ANTE LO EXPUESTO, DEMANDAMOS A LA ASAMBLEA GENERAL DE LA ONU:
Que, como principal órgano deliberativo de formulación de políticas y representativo de las Naciones Unidas, priorice en la agenda política el debate multilateral sobre la violencia feminicida, sus vías de prevención, sanción y erradicación.
Promover sanciones a los países que incumplan con las recomendaciones formuladas para combatir los feminicidos en Centroamérica.
Promover, en consonancia con todo lo anterior, un compromiso real y efectivo de todos los países parte en la Asamblea General, referido a la concesión de protección internacional a las mujeres que huyen de la violencia de género, cuando sea razonable entender la ausencia de seguridad en sus países de origen.
Que exija a los organismos nacionales y regionales, en especial los creados por mandato de la ONU, como la CICIG y la Comisión Económica para América Latina y el Caribe (CEPAL), así como al Sistema de Integración Centroamericana (SICA), entre otros, la implementación de mecanismos de investigación destinados a reducir la impunidad de la violencia feminicida y la implementación de políticas de Estado a favor de la lucha contra la violencia de género.
Que los órganos subsidiarios de la Asamblea General se sumen de forma activa al tratamiento y abordaje de la violencia feminicida, en especial del Comité contra la Tortura, la Comisión de Derecho Internacional y el Comité para la Eliminación de la Discriminación de la Mujer.

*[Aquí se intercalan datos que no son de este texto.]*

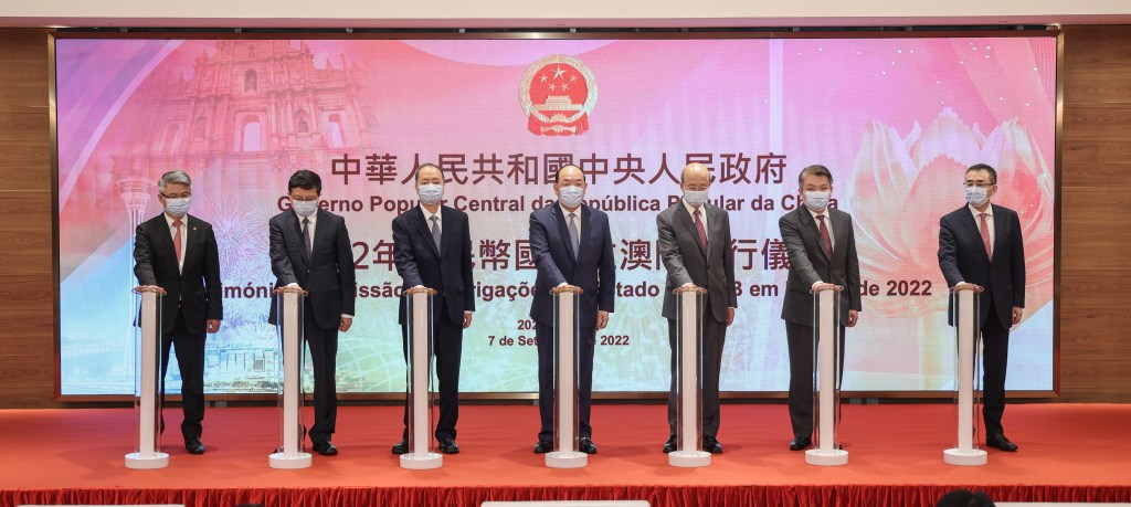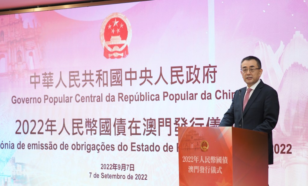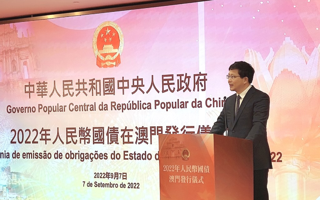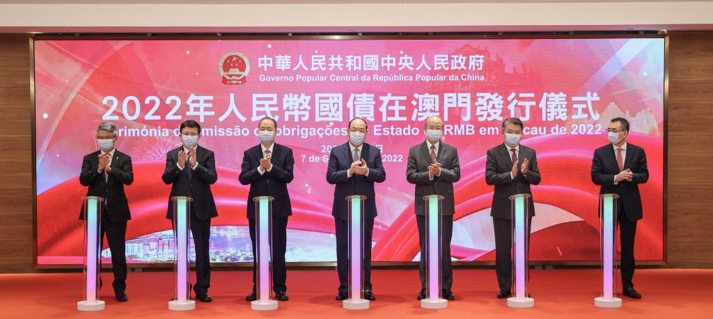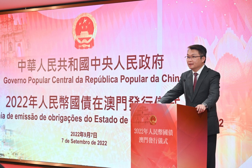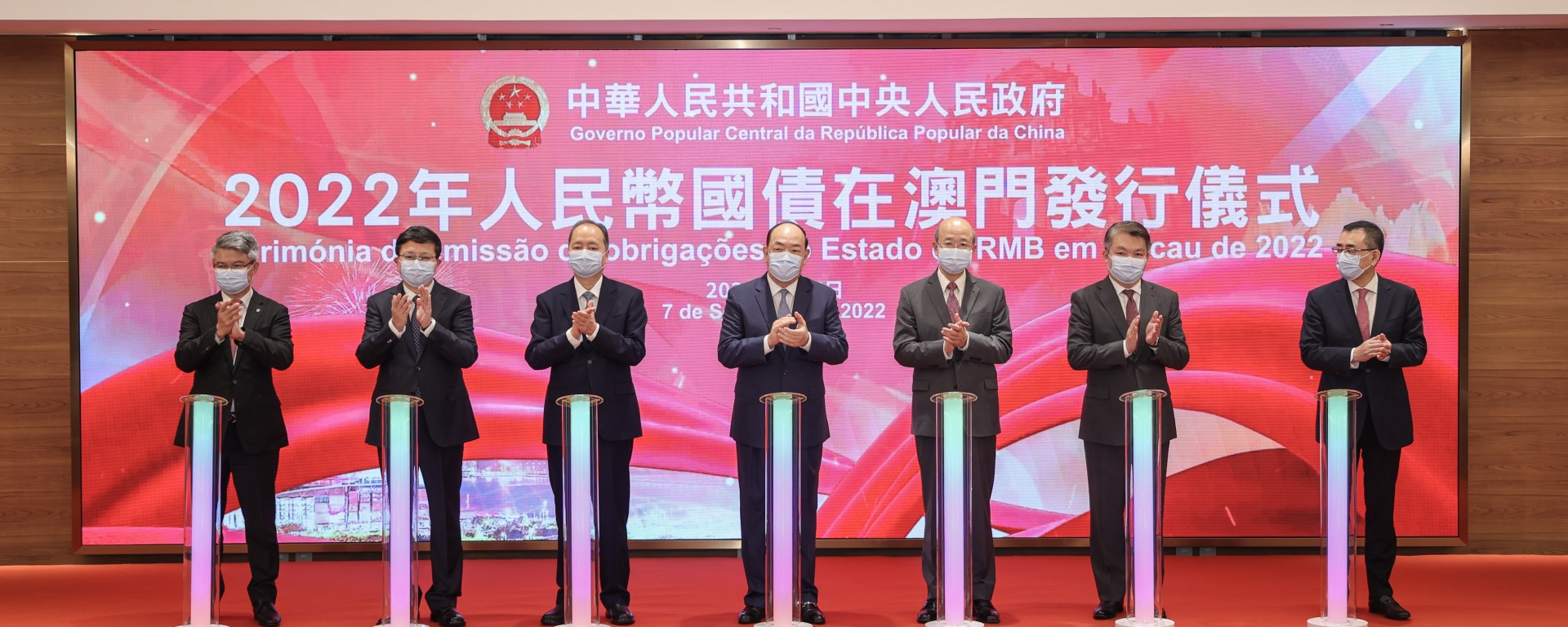 中央人民政府2022年人民幣國債在澳門發行儀式,日前在中國與葡語國家商貿合作服務平台綜合體舉行,行政長官賀一誠、中央政府駐澳門聯絡辦公室主任鄭新聰、外交部駐澳門特派員公署特派員劉顯法、國家財政部金融司司長王克冰、澳門經濟財政司司長李偉農以及相關金融機構代表出席了發行儀式。李偉農、王克冰、中國銀行副行長林景臻,以及交通銀行副行長郭莽在儀式上致辭。

Que exija a los Estados Miembros el aumento del apoyo financiero, técnico
y logístico a las actividades de adiestramiento destinadas a sensibilizar en materia de género, incluidas las que llevan a cabo los fondos y programas pertinentes, como el Fondo de Desarrollo de las Naciones Unidas para la Mujer y el Fondo de las Naciones Unidas para la Infancia, así como la Oficina del Alto Comisionado de las Naciones Unidas para los Refugiados.
AL CONSEJO DE SEGURIDAD:
Que, como encargado de velar por la paz y la seguridad internacionales, determine la existencia de las amenazas a la paz producidas por los conflictos armados de bajos niveles de formalización que se disputan actualmente en Centroamérica y recomiende qué medidas se deben adoptar por parte de los Estados miembros, incluyendo sanciones económicas y otras medidas que no entrañen el uso de la fuerza, con el fin de impulsar soluciones regionales contra la violencia feminicida.

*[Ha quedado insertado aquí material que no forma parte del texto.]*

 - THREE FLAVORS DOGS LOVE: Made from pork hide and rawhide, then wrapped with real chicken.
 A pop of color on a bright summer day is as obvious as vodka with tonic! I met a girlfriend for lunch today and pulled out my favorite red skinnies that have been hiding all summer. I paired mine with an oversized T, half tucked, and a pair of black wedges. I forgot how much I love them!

Formular planes para el establecimiento de un sistema de reglamentación de los armamentos en la región, así como de análisis de las nuevas modalidades de conflictos armados, basándose en los aspectos contemplados en las Resoluciones 1325 y 1820, relativas a las mujeres, la paz y la seguridad.
Recomendar que se depuren las responsabilidades internacionales estatales, mediante litigios e investigaciones relativos a la lucha contra la violencia feminicida a la Corte Internacional de Justicia.
Instar al fiscal general del Tribunal Penal Internacional para que investigue y decida sobre la necesidad de abrir una causa contra los responsables individuales de la comisión, por acción u omisión, de feminicidios tipificados como crímenes de lesa humanidad o crímenes de guerra, según en contexto en que se cometan.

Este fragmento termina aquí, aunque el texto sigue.